• DIRECTIONS FOR THIS TASK: Take the line with "为庆祝广州旗舰店开业,Carhartt WIP 总部设计团队特别发布一组涵盖了白色和海军蓝配色的开业限定长袖" and every line after it, through the end of the listing, and give them again exactly, pictures excluded.

• SUPPLIED INFORMATION:

*** Begin section ***

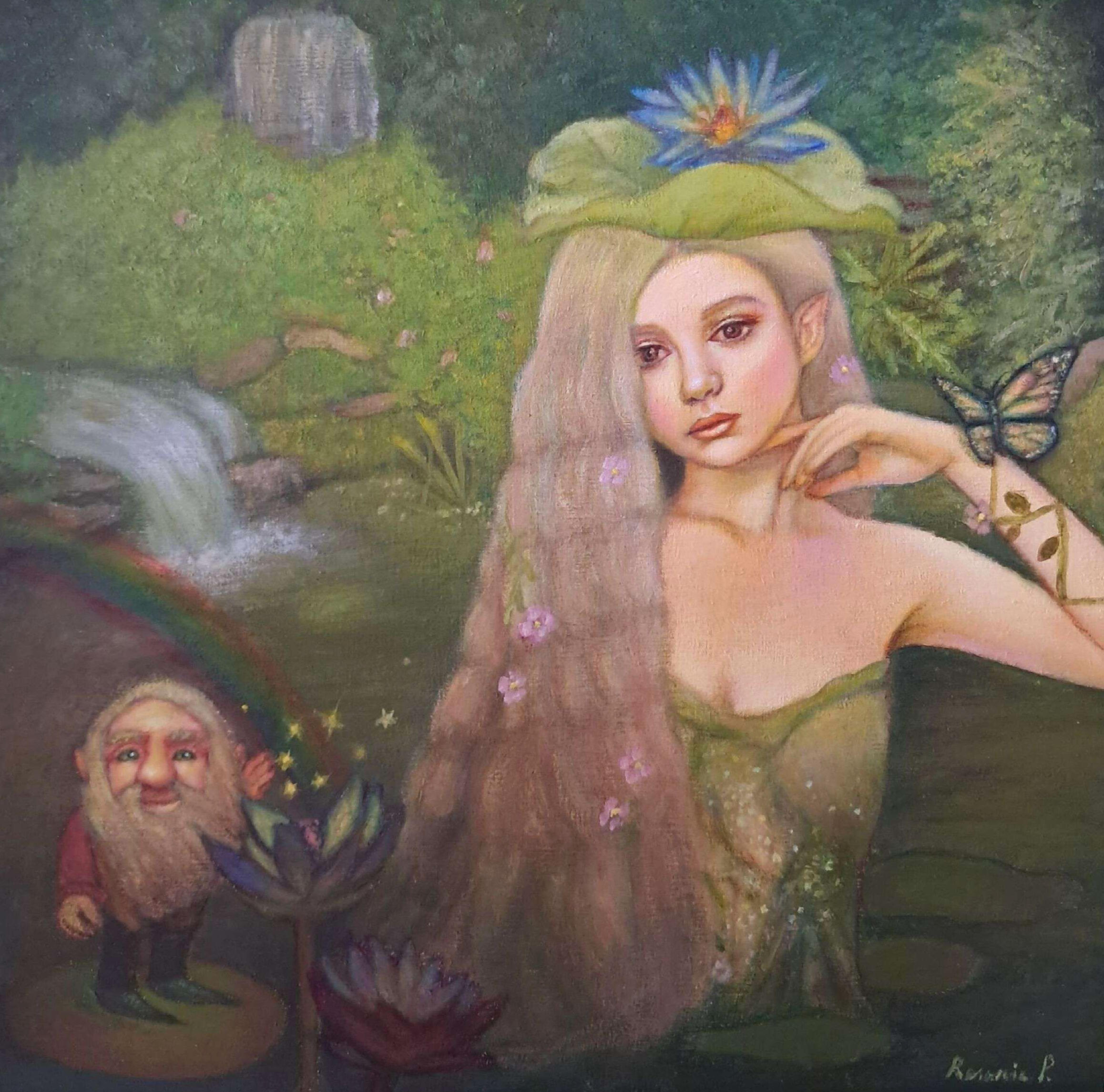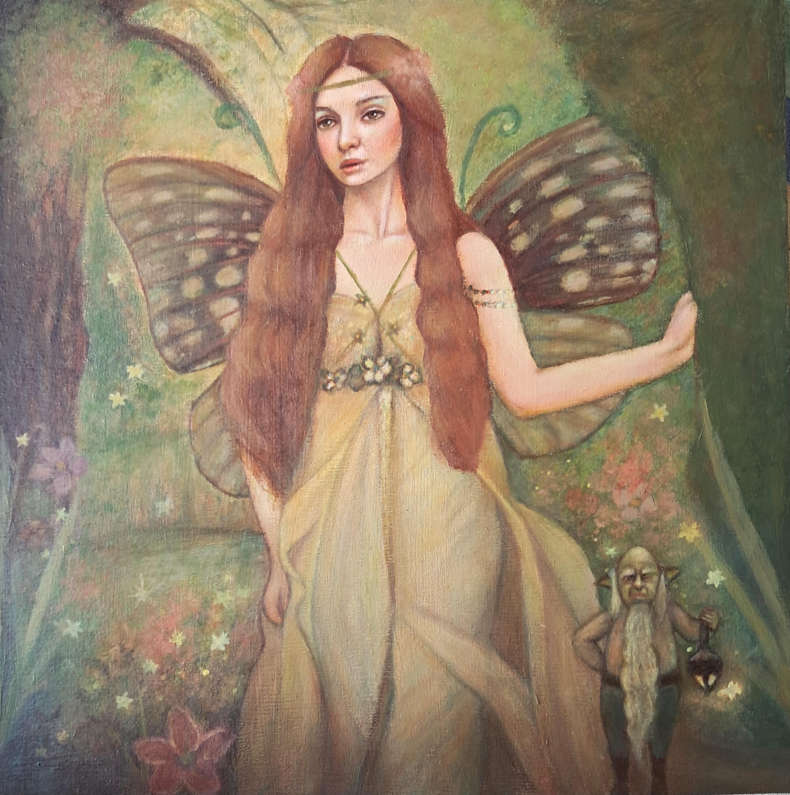 My biggest inspiration when I paint a new artwork is nature, full of mysteries and magical little creatures. When I walk into my garden, I can't help but think about all of the hidden fairies, pixies and gnomes that may live there, so I want to create an enchanted world where this is possibile!
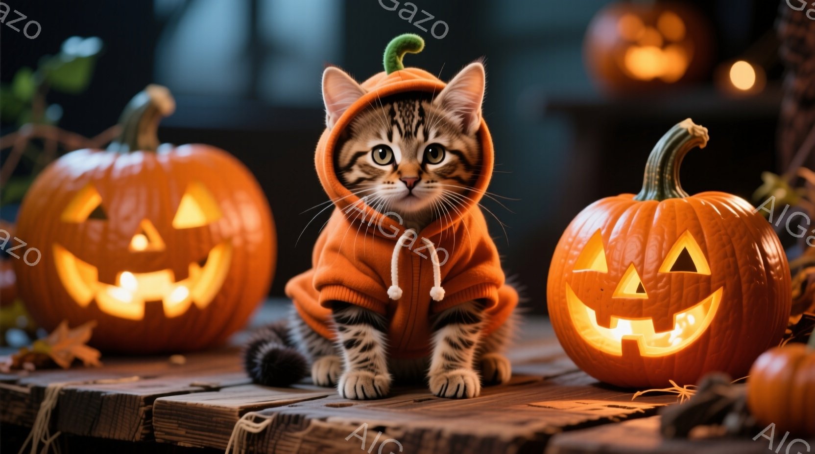 この無料AI生成画像「夜間のホログラフィックスタンプで、迷路を渡るための橋の上に座っている一匹のチャーコアキャット。彼女は暗い空と明かりが照らす夜の市場や住宅に囲まれ、月が昇る中で冷静な表情を見せている。周りには多くのJack-o'-lanternが灯りとして点在しており、ホログラフィックスタンプ技術が使用されたことが分かる。全体として、ハロウィンの雰囲気を表現するアートワークであり、幽玄な雰囲気が漂っている。」は、2025年10月25日に作成されました。 サイズは 1664×928px の高解像度で、商用利用も可能なフリー素材として提供しています。
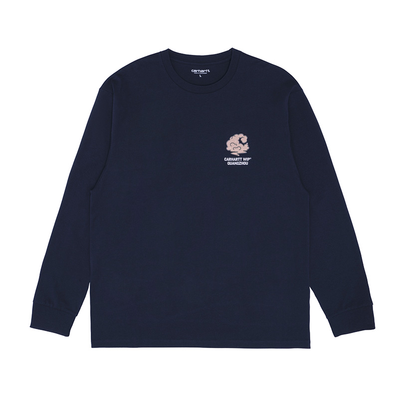 为庆祝广州旗舰店开业,Carhartt WIP 总部设计团队特别发布一组涵盖了白色和海军蓝配色的开业限定长袖 T-shirt。
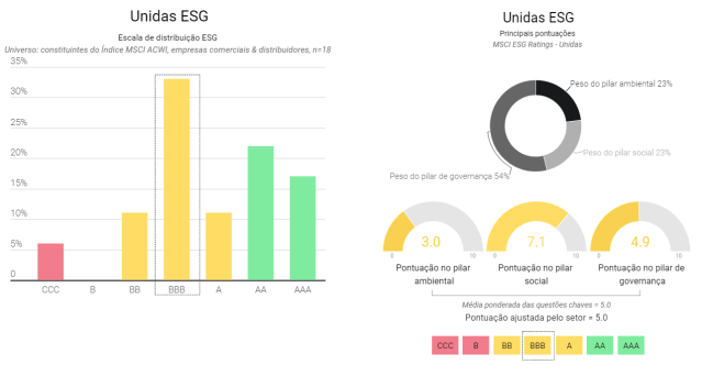 A Unidas possui uma classificação BBB pela MSCI ESG Ratings. Numa perspectiva global, a classificação BBB coloca a LCAM dentre os 28% das empresas com esta classificação no índice MSCI ACWI constituintes da categoria de empresas comercializadoras e de distribuição (18 empresas).

*** End section ***

• ANSWER TO THIS TASK:
 为庆祝广州旗舰店开业,Carhartt WIP 总部设计团队特别发布一组涵盖了白色和海军蓝配色的开业限定长袖 T-shirt。
 A Unidas possui uma classificação BBB pela MSCI ESG Ratings. Numa perspectiva global, a classificação BBB coloca a LCAM dentre os 28% das empresas com esta classificação no índice MSCI ACWI constituintes da categoria de empresas comercializadoras e de distribuição (18 empresas).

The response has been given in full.